→ Exercise
Print the entries below exactly as they appear, from the first line up to and including the line with "Intelligent Waterfall Basin". Do not print any pictures.

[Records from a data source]
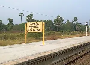 Regupalem railway station (station code:REG[2]), is an Indian Railways station in Regupalem, a village in Visakhapatnam district of Andhra Pradesh. It lies on the Vijayawada–Chennai section and is administered under Vijayawada railway division of South Central Railway zone.
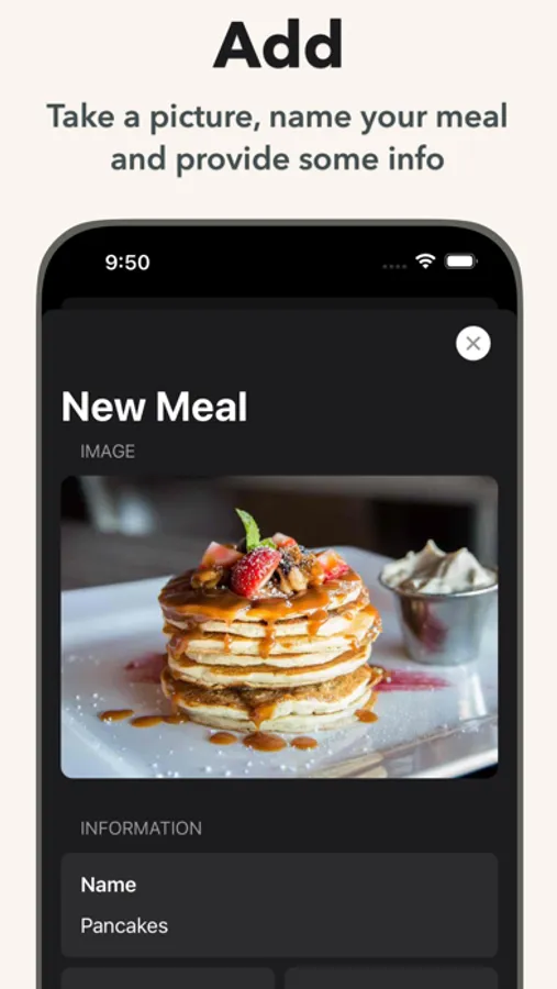 Take a picture, name your meal and provide some info.
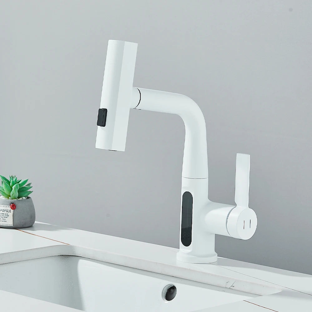 Intelligent Waterfall Basin Faucet with Temperature Digital Display Lift Up Crane Pull Out Faucet
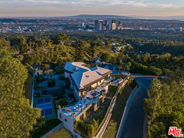 Experience ultimate luxury living in this exclusive Beverly Hills estate. This private, gated compound offers resort-style amenities on a sprawling lot. Upon arrival, you'll be greeted by a striking waterfall and lush landscaping, with ample parking for up to 10 cars. The estate features a hand-tiled Balinese pool, spa, and fire pit, complemented by stunning 180-degree city and ocean views. Enjoy outdoor dining with a full kitchen, expansive grassy yard, and sports/pickleball court. A wellness spa and gym with floor-to-ceiling glass doors open to breathtaking grounds. Inside the spacious main house, you'll find luxurious details including a great room with panoramic views, a gourmet kitchen with a 12-ft island, and a wood-paneled office with a bar. The home offers two primary suites, each with luxurious baths and terraces, plus three additional ensuite bedrooms and a vast outdoor deck. Additional features include a 2-bedroom, 2-bath guest apartment, a state-of-the-art theater, a tequila tasting room, a poker room, a 2000-bottle wine cellar, and a ~3000-sf finished garage with a glass elevator. With perfect finishes throughout, this estate is designed for those seeking an unparalleled rental experience in Beverly Hills.
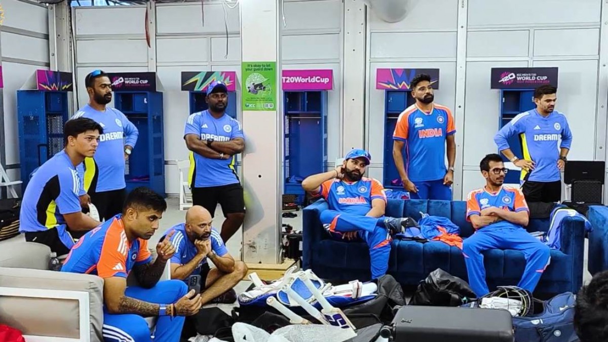 Team India Dressing Room: टी20 विश्वकप 2024 में भारतीय क्रिकेट टीम मैच जीतने के बाद खिलाड़ियों का सम्मान करती है। यह परंपरा 2023 वनडे विश्वकप से शुरू हुई थी। अमेरिका के खिलाफ जीत के बाद टीम इंडिया ने ड्रेसिंग रूम में एक गेट-टू-गेदर प्रोग्राम का आयोजन किया। अमेरिका पर जीत के बाद भारतीय टीम के खिलाड़ी इक्कठा हुए। फील्डिंग कोच टी दिलीप ने खिलाड़ियों की एफर्ट की तारीफ की। इसके बाद एक खास मोमेंट आया।
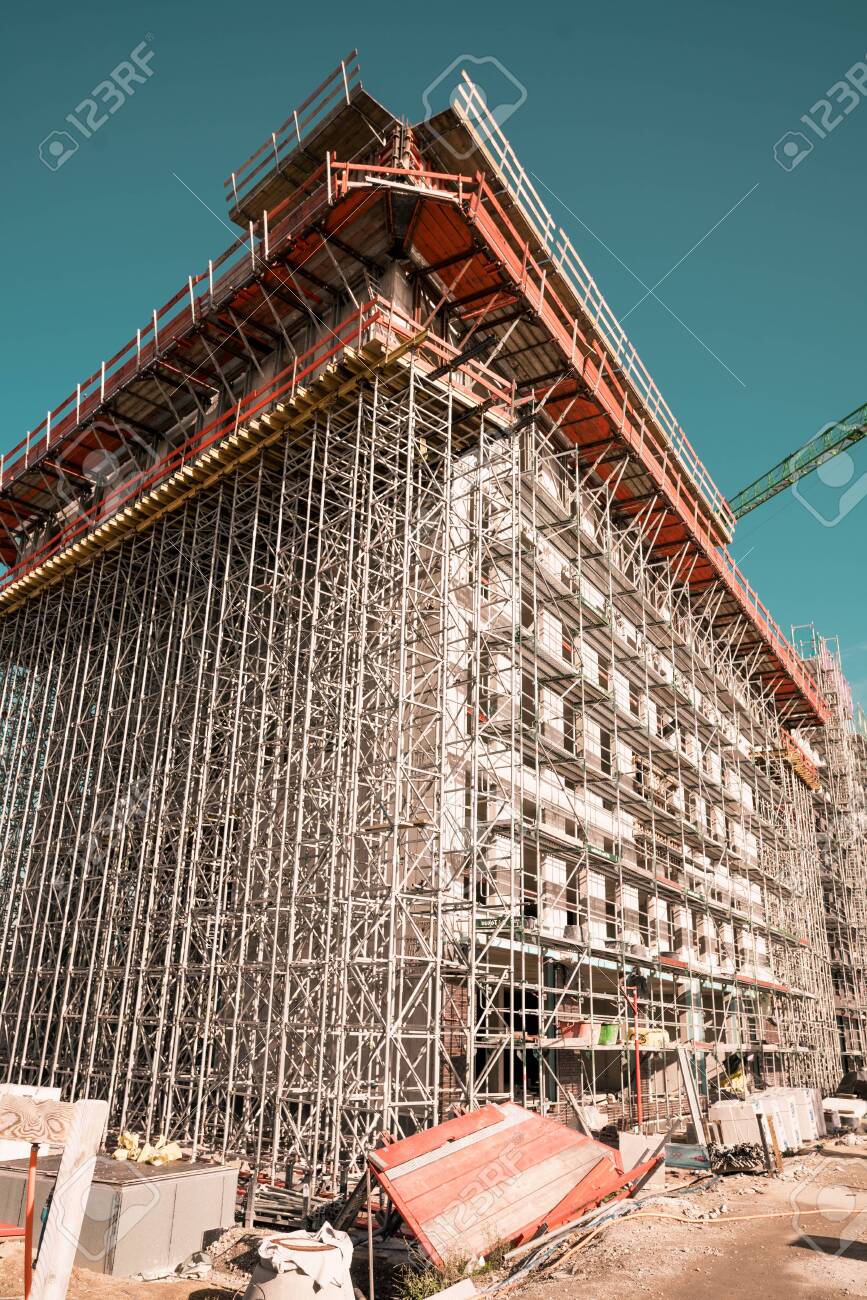 Construction Site Background And Working Tower Crane Over A Concrete Building With Scaffolding Elements And Details In The Evening Light Stock Photo Alamy
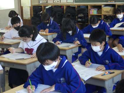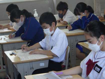 11学級の前期中間テストを受けている様子です。
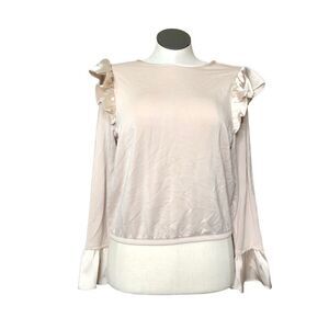 Express Sweatshirt Womens S Long Sleeve Ruffle Banded Bottom Blush Pink
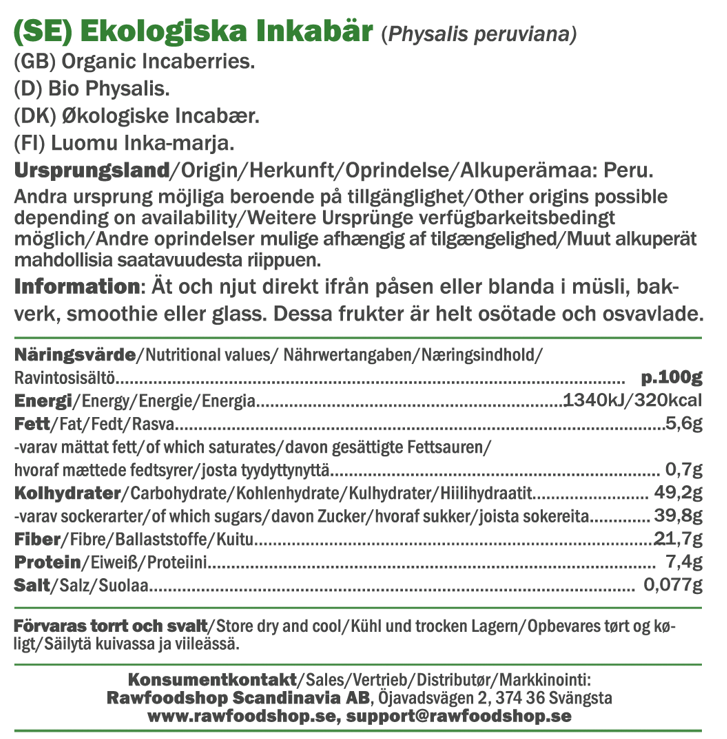 Inkamarjat - rakkaalla lapsella on monta nimeä: ananaskirsikka, kapinmarja ja physalis. Nämä vegaaniset, raakakuivatut marjat ovat pieniä ja makean kirpeitä, ja niiden erottuva maku muistuttaa passionhedelmää. Ne kasvavat ympäri vuoden metrin korkuisissa puissa, joissa on kauniit kermanväriset kukat ja jotka ovat paperimaisessa kuoressa. Inkamarjat ovat hieman rusinoita suurempia ja niiden väri on kauniin kullanvärinen. Ne ovat herkullisia sellaisenaan, mutta niillä on myös monia eri käyttötarkoituksia sekä ruoanlaitossa että leivonnassa.
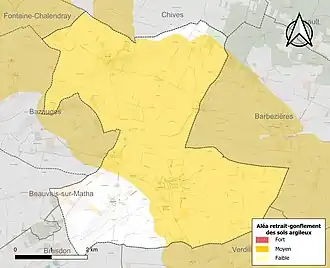 Le retrait-gonflement des sols argileux est susceptible d'engendrer des dommages importants aux bâtiments en cas d’alternance de périodes de sécheresse et de pluie. 80,1 % de la superficie communale est en aléa moyen ou fort (67,4 % au niveau départemental et 48,5 % au niveau national). Sur les 122 bâtiments dénombrés sur la commune en 2019, 115 sont en aléa moyen ou fort, soit 94 %, à comparer aux 81 % au niveau départemental et 54 % au niveau national. Une cartographie de l'exposition du territoire national au retrait gonflement des sols argileux est disponible sur le site du BRGM[18],[Carte 3].

→ The completed task
 Regupalem railway station (station code:REG[2]), is an Indian Railways station in Regupalem, a village in Visakhapatnam district of Andhra Pradesh. It lies on the Vijayawada–Chennai section and is administered under Vijayawada railway division of South Central Railway zone.
 Take a picture, name your meal and provide some info.
 Intelligent Waterfall Basin Faucet with Temperature Digital Display Lift Up Crane Pull Out Faucet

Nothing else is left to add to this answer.